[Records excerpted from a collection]

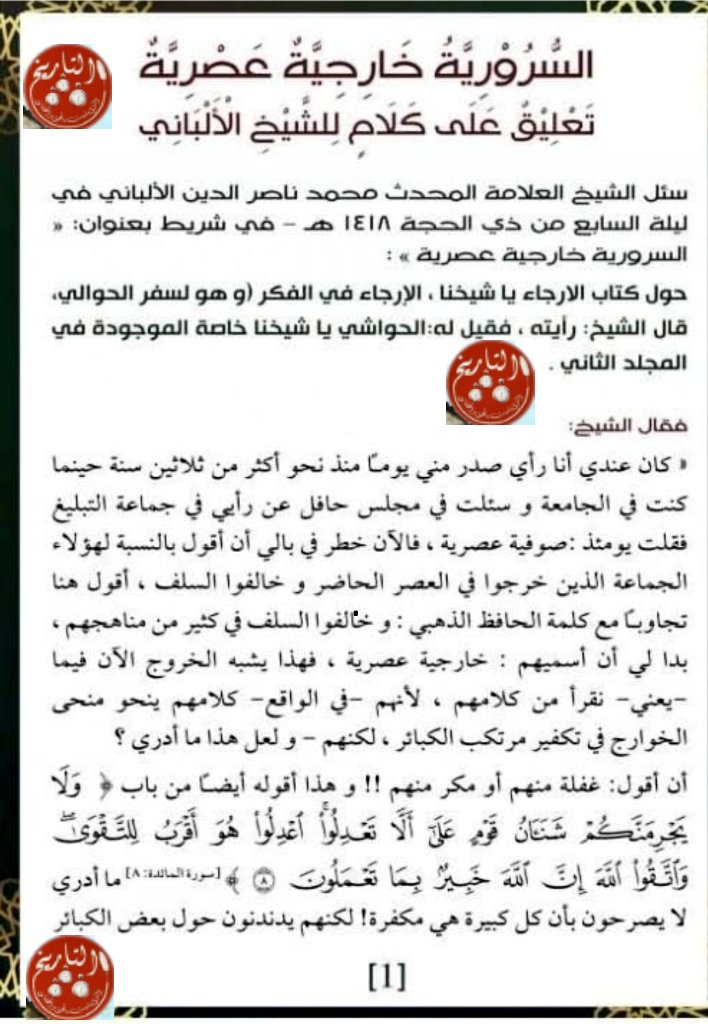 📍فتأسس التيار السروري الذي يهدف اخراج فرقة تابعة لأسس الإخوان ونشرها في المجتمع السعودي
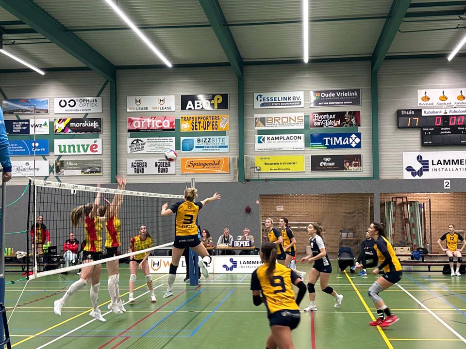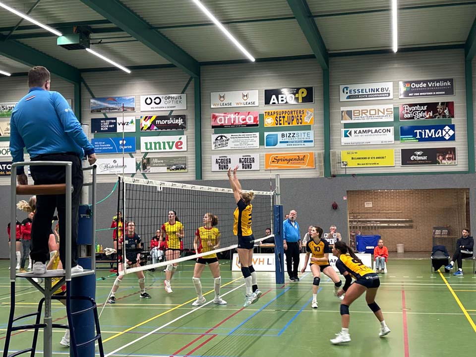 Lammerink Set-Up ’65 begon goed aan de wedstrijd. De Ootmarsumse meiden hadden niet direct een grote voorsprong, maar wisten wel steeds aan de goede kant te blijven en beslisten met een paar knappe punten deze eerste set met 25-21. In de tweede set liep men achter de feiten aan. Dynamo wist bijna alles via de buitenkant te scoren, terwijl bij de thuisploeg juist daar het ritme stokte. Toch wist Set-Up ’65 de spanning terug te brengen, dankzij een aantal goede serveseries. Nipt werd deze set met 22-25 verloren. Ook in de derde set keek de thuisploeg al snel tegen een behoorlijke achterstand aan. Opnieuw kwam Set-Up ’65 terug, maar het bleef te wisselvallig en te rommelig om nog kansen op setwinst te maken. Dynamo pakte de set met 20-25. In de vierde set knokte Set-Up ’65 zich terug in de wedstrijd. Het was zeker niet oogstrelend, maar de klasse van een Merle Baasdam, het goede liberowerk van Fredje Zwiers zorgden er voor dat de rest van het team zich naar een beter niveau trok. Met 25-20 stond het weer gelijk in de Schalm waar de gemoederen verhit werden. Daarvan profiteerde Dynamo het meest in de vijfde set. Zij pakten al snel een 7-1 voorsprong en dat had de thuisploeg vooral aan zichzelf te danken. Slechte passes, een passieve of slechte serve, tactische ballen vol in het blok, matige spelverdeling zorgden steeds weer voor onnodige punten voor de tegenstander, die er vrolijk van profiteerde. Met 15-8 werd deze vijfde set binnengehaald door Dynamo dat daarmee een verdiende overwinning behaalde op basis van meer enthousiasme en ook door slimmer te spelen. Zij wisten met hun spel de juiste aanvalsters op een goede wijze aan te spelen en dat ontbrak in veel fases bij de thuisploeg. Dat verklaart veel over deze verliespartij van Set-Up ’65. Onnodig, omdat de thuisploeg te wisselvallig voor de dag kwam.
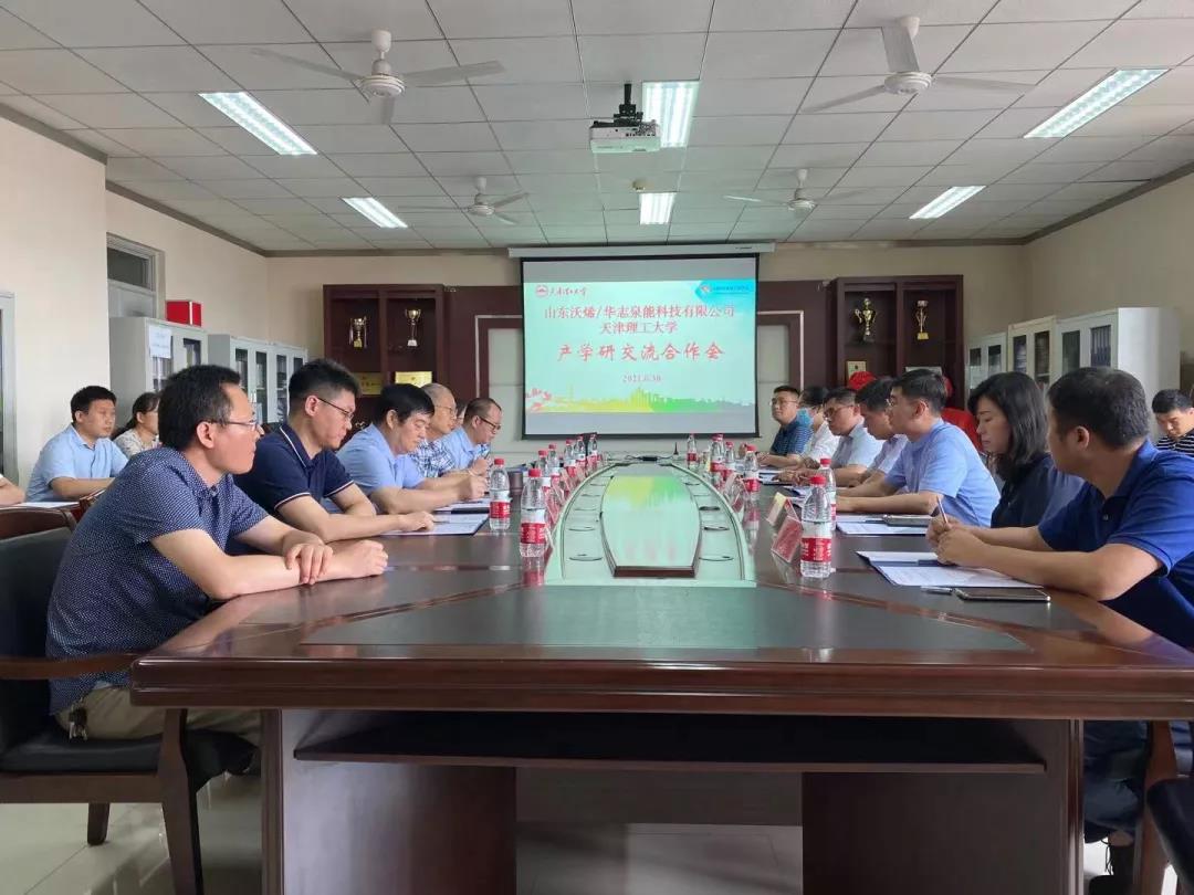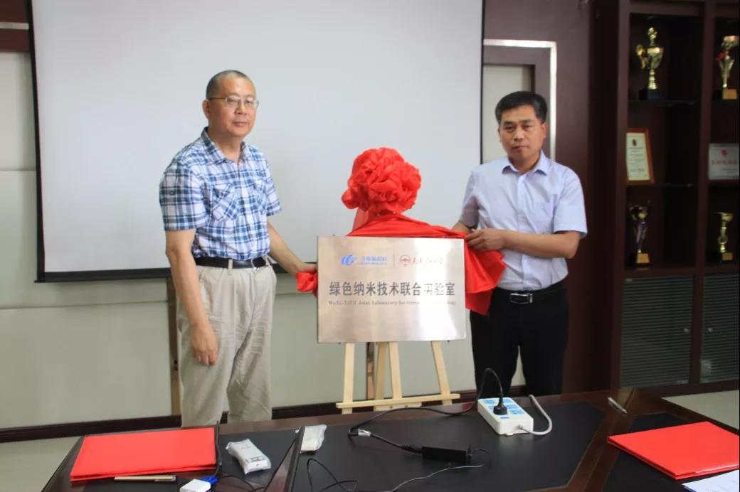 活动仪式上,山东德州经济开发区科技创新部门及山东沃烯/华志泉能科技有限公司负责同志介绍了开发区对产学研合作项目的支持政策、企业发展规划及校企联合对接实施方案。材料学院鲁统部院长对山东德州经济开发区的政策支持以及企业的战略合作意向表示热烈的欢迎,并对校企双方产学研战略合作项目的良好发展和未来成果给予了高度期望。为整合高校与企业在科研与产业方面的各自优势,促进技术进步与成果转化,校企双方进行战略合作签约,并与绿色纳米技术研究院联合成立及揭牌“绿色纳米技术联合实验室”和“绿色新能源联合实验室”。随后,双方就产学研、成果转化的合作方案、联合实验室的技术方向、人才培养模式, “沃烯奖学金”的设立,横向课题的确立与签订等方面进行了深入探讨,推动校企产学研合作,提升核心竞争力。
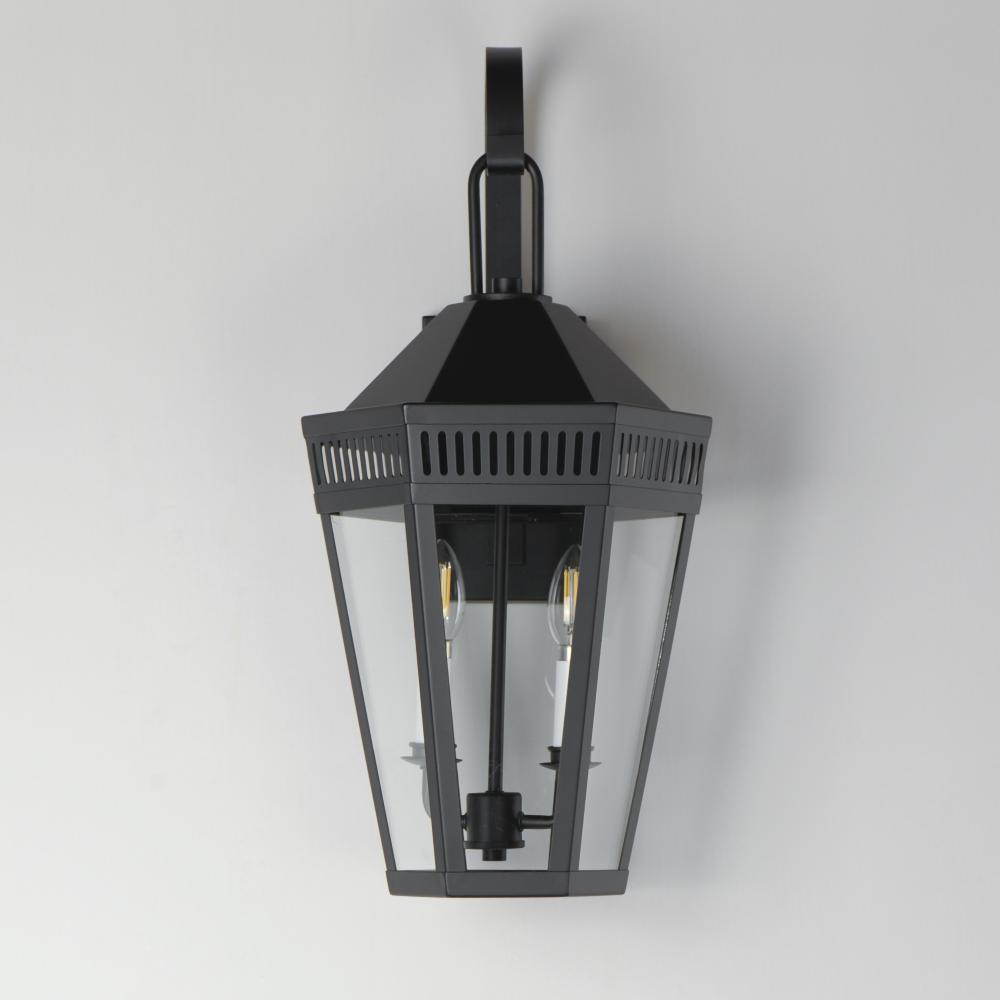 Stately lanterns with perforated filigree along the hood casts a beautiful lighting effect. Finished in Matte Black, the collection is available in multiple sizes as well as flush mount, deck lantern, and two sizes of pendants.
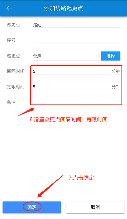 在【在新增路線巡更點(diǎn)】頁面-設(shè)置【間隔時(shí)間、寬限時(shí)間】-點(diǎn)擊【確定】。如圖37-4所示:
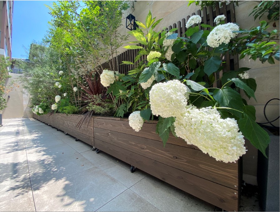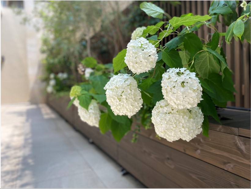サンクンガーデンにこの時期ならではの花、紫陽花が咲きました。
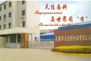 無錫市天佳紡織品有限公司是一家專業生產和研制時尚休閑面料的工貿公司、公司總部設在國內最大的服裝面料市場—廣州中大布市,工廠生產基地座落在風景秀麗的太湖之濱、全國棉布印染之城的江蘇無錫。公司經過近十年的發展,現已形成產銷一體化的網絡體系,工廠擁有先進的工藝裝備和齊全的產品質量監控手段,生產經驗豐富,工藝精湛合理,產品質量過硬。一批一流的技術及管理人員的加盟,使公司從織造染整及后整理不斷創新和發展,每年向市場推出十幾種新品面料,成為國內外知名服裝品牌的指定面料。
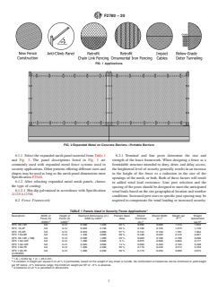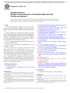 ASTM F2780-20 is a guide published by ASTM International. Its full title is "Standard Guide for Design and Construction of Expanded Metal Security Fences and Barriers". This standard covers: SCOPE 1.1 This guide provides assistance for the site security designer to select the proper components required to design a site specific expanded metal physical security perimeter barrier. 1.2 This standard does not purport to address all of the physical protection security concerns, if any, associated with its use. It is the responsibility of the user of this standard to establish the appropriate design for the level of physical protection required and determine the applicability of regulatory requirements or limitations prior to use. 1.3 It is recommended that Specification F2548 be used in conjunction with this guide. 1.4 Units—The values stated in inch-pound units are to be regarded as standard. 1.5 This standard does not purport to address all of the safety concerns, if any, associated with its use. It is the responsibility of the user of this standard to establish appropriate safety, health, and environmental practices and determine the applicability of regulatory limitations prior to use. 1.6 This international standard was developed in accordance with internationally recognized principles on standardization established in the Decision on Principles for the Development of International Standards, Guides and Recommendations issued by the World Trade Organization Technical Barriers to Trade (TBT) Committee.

**EXERCISE INSTRUCTIONS**
Above, find the line holding "Stately lanterns with" and the line holding "無錫市天佳紡織品有限公司是一". Print exactly those two lines and every line between them, but no pictures.

**WRITTEN RESPONSE**
 Stately lanterns with perforated filigree along the hood casts a beautiful lighting effect. Finished in Matte Black, the collection is available in multiple sizes as well as flush mount, deck lantern, and two sizes of pendants.
 在【在新增路線巡更點(diǎn)】頁面-設(shè)置【間隔時(shí)間、寬限時(shí)間】-點(diǎn)擊【確定】。如圖37-4所示:
サンクンガーデンにこの時期ならではの花、紫陽花が咲きました。
 無錫市天佳紡織品有限公司是一家專業生產和研制時尚休閑面料的工貿公司、公司總部設在國內最大的服裝面料市場—廣州中大布市,工廠生產基地座落在風景秀麗的太湖之濱、全國棉布印染之城的江蘇無錫。公司經過近十年的發展,現已形成產銷一體化的網絡體系,工廠擁有先進的工藝裝備和齊全的產品質量監控手段,生產經驗豐富,工藝精湛合理,產品質量過硬。一批一流的技術及管理人員的加盟,使公司從織造染整及后整理不斷創新和發展,每年向市場推出十幾種新品面料,成為國內外知名服裝品牌的指定面料。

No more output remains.